Digitisation, particularly the use of machine learning, artificial intelligence and data analytics, is enabling financial institutions to detect and combat criminal activity at greater speed

Money laundering2

Technologies that detect and prevent money laundering is becoming more advanced (Credit: Flickr/TaxRebate.org.uk)

Money laundering and fraud have gone mainstream, with the UN estimating the cost of such activities to be between $800bn and $2tn each year. As we enter a new decade, financial crime will be directed towards trade finance, securities and insurance, argues Andrew Davies. The vice-president for global market strategy, financial crime and risk management at Fiserv speaks to NS Banking about the priorities in 2020.

 

Andrew Davies on financial crime landscape in 2020

What are the biggest trends you are seeing in financial crime and how has the picture changed in recent years?

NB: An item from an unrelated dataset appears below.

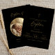Die Oval Foto Black & Gold Gender Neutral Taufe Einladung - perfekt um die Taufe Ihres Babys im Stil zu feiern. Dieses einladende Hotel besticht durch ein elegantes ovales Foto, das in luxuriösem Schwarz und Gold gerahmt ist und moderne minimalistische Typografie mit eleganter Kalligrafie verbindet. Es ist sowohl für Jungen als auch für Mädchen konzipiert und ist die ideale Wahl für eine geschlechtsneutrale Feier.

In today’s rapidly changing world, consumers expect speed, ease and convenience in every aspect of their lives, including financial services. At the same time, criminals are more sophisticated than ever before and are continually evolving their methods ready to take advantage of any chinks in the armour.

Today, financial institutions must be able to manage the risk associated with transactions in real time to protect their customers — without disrupting the customer experience or transaction process.

This requires a combination of broad insights and specific tactics, including the use of machine learning, artificial intelligence, real-time transactional data analysis in uncovering potential criminal activity, and greater collaboration across the industry.

Investing in technology and putting necessary processes in place is fundamental in preventing financial crime as well as the other illegal activity with which it is often associated, such as human trafficking and terrorist financing.

Fiserv Andrew Davies, financial crime 2020
Andrew Davies is vice-president for global market strategy, financial crime and risk management at Fiserv

A trend that I find very encouraging is the increased visibility and awareness of consumers of financial crime and its impact on our world. Fighting money laundering and fraud are mainstream and part of the global zeitgeist.

People care about fighting human trafficking, drug trafficking and fraud, all of which are predicate crimes for money laundering, and expect institutions to protect their customers from financial criminals.

The financial services industry has really only scratched the surface of what can be achieved. As we enter the next decade, we expect to see further developments in increased automation, simplified operational processes, and more detailed analytics to create greater potential for enhanced transparency while maintaining or improving personal privacy and security of financial activity.

 

What about regulation? Is it having an impact on financial crime?

 Regulation plays a key role in preventing financial crime, but regulatory compliance is not a silver bullet, particularly in a fast-moving industry. It is incumbent on financial institutions to take into account the risks they face and familiarise themselves with the necessary measures to mitigate those risks and protect their customers.

 

What should financial institutions be considering when developing their risk management strategies?

A key element to a robust risk management strategy is effective data management. Successful detection and prevention of financial crime is dependent on the timely and effective analysis of data.

The better the data, the more prepared financial institutions will be to see what is happening, make appropriate inferences and manage the risk.

Financial institutions also need to consider how to balance consumer expectations with effective security measures. As consumer expectations for quick and seamless services continue to grow, a clear understanding of their demands, as well as the ability to mitigate different types of threats, will be critical.

AML and Fraud

Finally, financial institutions will increasingly flex their risk management and investigation expertise to fit each exploit. For example, the way financial institutions tackle money laundering will be different than the way they deal with payment fraud. For the former, “following the money” while letting it flow is key.

Stopping the flow of cash entirely will simply make criminals suspicious. On the other hand, tackling payment fraud requires the opposite, stopping transactions immediately.

 

To what extent is increased digitisation transforming institutions’ approach to combatting financial crime?

Financial institutions face some fundamental challenges in current risk management approaches, including over-reliance on rules-based monitoring systems and a dependence on manual investigation and human analysts for decision-making.

Digitisation, particularly the use of machine learning, artificial intelligence and data analytics, is enabling financial institutions to detect and combat criminal activity at greater speed.

These technologies can process more data from a greater number of sources in a more efficient manner, enabling analysis of a broader evidence base and faster, more accurate detection. As a result, employees can spend more time on higher value, more strategic activities, putting financial institutions in a strong position to combat financial crime more effectively.

 

As cyber crime threats continues to evolve, what can financial institutions do to protect themselves and their customers?

Being able to detect and prevent financial crime at speed will continue to be critical for financial institutions. Financial crime prevention has advanced dramatically in recent years, evolving from one-off investigations of suspicious activity to systems that incorporate automation and sophisticated analytics.

Increased automation and simplified operational processes create great potential for enhanced transparency while maintaining or improving security of financial activity.

As financial crime technology evolves, the future of financial crime detection, prevention and mitigation will be built on new approaches to deployment, a commitment to internal and industry-wide collaboration, and the implementation of new ideas.

Having a balance between people, process and technology is critical to maximising the return on technology investment and delivering heightened security in an ever-changing world.